#### DATA FOR PROCESSING ####

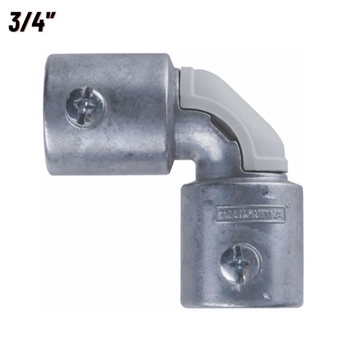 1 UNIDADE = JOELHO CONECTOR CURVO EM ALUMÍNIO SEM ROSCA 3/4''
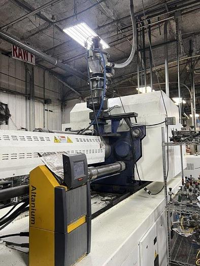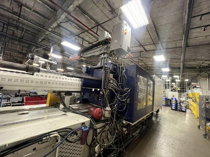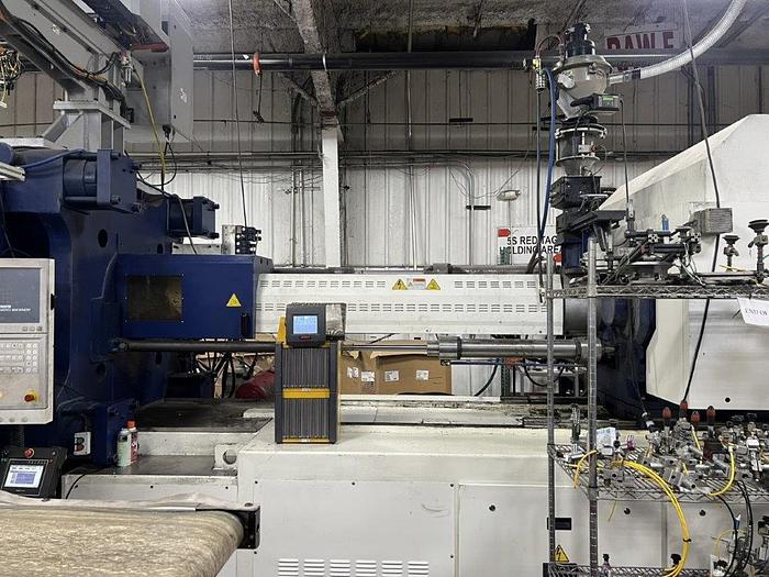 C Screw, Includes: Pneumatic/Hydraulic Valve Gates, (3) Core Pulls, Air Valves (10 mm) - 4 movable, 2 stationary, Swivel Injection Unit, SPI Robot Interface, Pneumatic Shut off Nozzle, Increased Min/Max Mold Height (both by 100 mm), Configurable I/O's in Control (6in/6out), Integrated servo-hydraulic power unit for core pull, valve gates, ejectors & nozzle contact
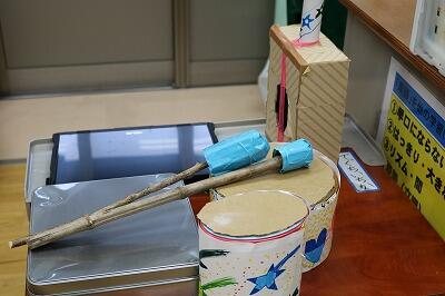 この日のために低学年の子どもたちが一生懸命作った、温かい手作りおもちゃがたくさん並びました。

####
#### DATA FOR PROCESSING ####

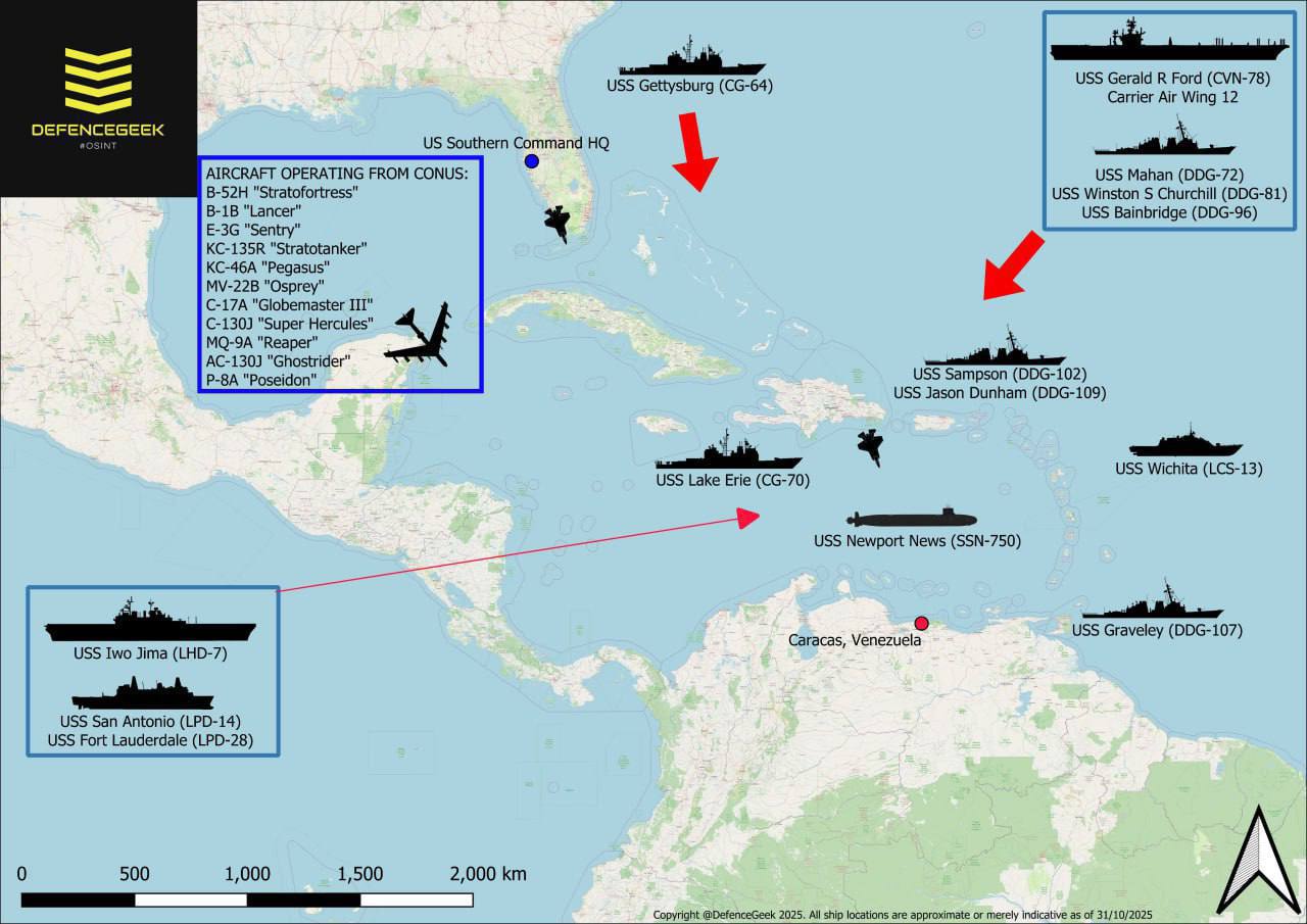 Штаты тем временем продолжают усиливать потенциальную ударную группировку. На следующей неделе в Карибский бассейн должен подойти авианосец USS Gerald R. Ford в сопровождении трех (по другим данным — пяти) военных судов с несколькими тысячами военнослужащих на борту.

####
#### DATA FOR PROCESSING ####

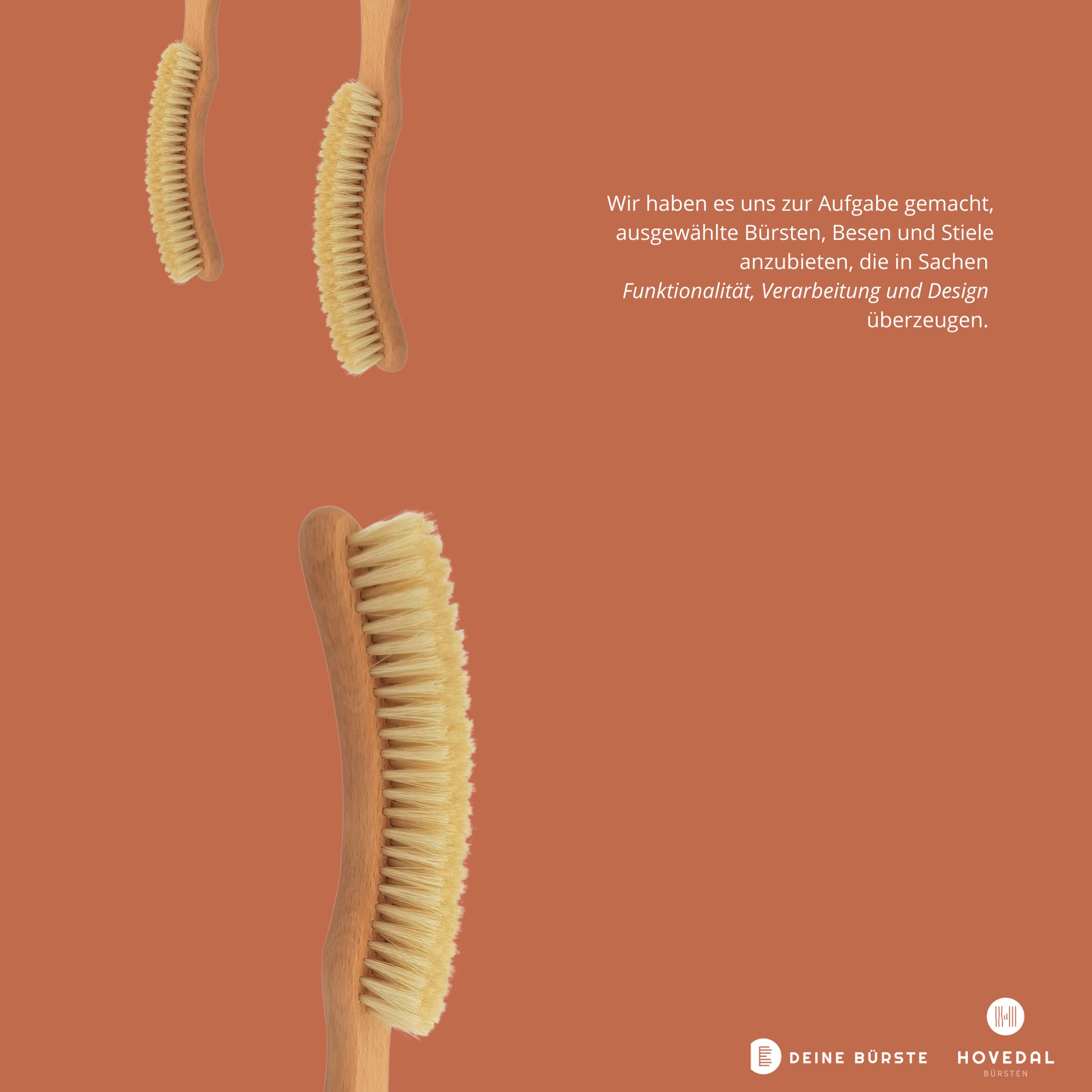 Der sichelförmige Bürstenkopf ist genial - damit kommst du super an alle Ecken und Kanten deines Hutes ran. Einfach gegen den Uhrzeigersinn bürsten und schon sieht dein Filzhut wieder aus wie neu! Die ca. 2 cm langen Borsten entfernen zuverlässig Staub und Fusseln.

####

-- ABOUT THIS EXERCISE --
Using the entries above, transcribe exactly from the line that has "1 UNIDADE = JOELHO" through the line that has "この日のために低学年の子ども". Pictures are dropped.

-- YOUR RESPONSE --
 1 UNIDADE = JOELHO CONECTOR CURVO EM ALUMÍNIO SEM ROSCA 3/4''
 C Screw, Includes: Pneumatic/Hydraulic Valve Gates, (3) Core Pulls, Air Valves (10 mm) - 4 movable, 2 stationary, Swivel Injection Unit, SPI Robot Interface, Pneumatic Shut off Nozzle, Increased Min/Max Mold Height (both by 100 mm), Configurable I/O's in Control (6in/6out), Integrated servo-hydraulic power unit for core pull, valve gates, ejectors & nozzle contact
 この日のために低学年の子どもたちが一生懸命作った、温かい手作りおもちゃがたくさん並びました。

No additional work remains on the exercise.